The point matters for citation discipline. When Rekhaben is cited for the proposition that fraud-plus-knowledge is required for repudiation, the citation is misplaced — that proposition is Asha Goel's, and applies after the two-year line. When Rekhaben is cited for the proposition that prior-policy non-disclosure is material, the citation is squarely in point. The fraud-exception passages in Rekhaben operate as dicta — they are part of the doctrinal scaffolding that the judgment sets out, but they are not the operative ratio because the case did not require them to be applied.
The post-2015 amendment
The pre-2015 Section 45 architecture — under which Rekhaben was decided — was substantially altered by the Insurance Laws (Amendment) Act 2015. The amended provision tightens the insurer's position in two structural ways. First, the two-year window of free repudiation has been extended to three years — but the architecture of the window has been substantively altered: the insurer must now, even within the three-year window, justify the repudiation on grounds that meet a higher standard than the pre-2015 first-part architecture permitted. Second, after the three-year line, the insurer must establish not only that the misstatement was on a material matter and was fraudulent, but additionally that the insured would not have been insured — or would have been insured on materially different terms — had the truth been disclosed. The amendment substantially tilts the architecture in favour of the policyholder for the post-2015 policy line.

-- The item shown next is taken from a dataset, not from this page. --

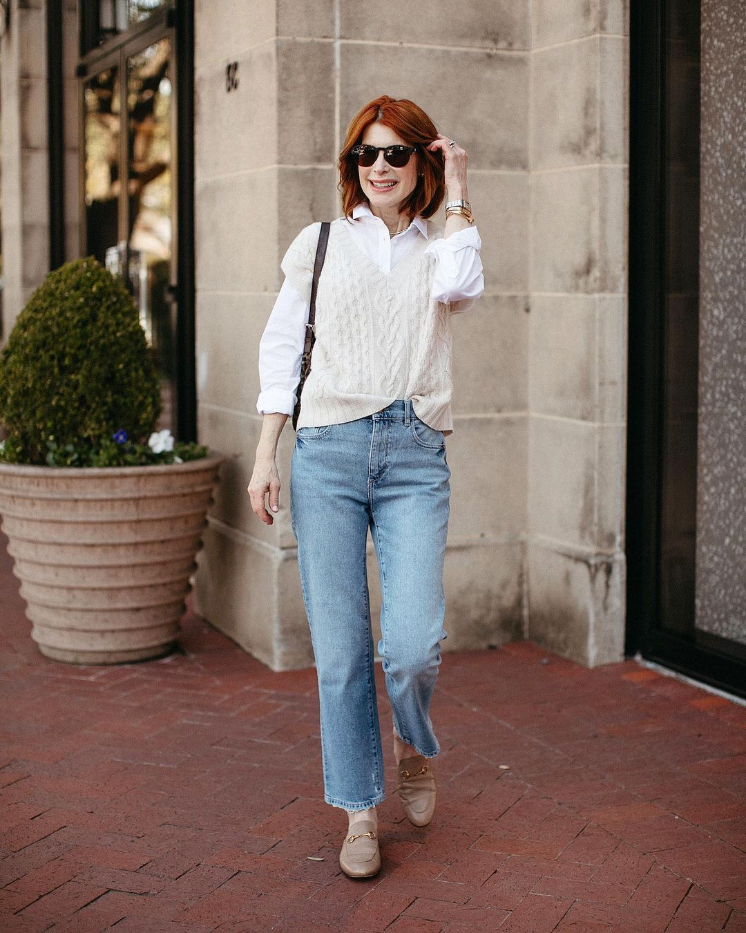 Цей модний фасон 2023 ідеально підходить жінкам за 50, створюючи сучасний і актуальний силует. З широкими джинсами стилісти рекомендую поєднувати більш обтислий верх, щоб збалансувати пропорції і підкреслити талію.

The Rekhaben judgment, decided in 2019 on a 2009 policy, was framed on the pre-2015 architecture and is binding for that line of policies. For post-2015 policies, Rekhaben's materiality reasoning continues to be available; its handling of the within-window repudiation must be read with the materially altered statutory architecture.
The doctrinal relationship to Asha Goel and Satwant Kaur
Rekhaben sits between LIC v. Asha Goel — see the Asha Goel digest — and Satwant Kaur Sandhu v. New India Assurance in the modern Indian life and health insurance non-disclosure architecture.
Asha Goel is the foundational authority on the burden-and-threshold test under the second part of Section 45 — the post-two-year architecture. Asha Goel establishes the triple-cumulative requirement of materiality, fraud and knowledge that applies after the two-year line, and ties the materiality assessment to the uberrima fides character of the insurance contract. The bench in Asha Goel — Kirpal and Mohapatra JJ, with Mohapatra J authoring — was at pains to emphasise that mere inaccuracy is not enough and that the burden of fraud rests heavily on the insurer.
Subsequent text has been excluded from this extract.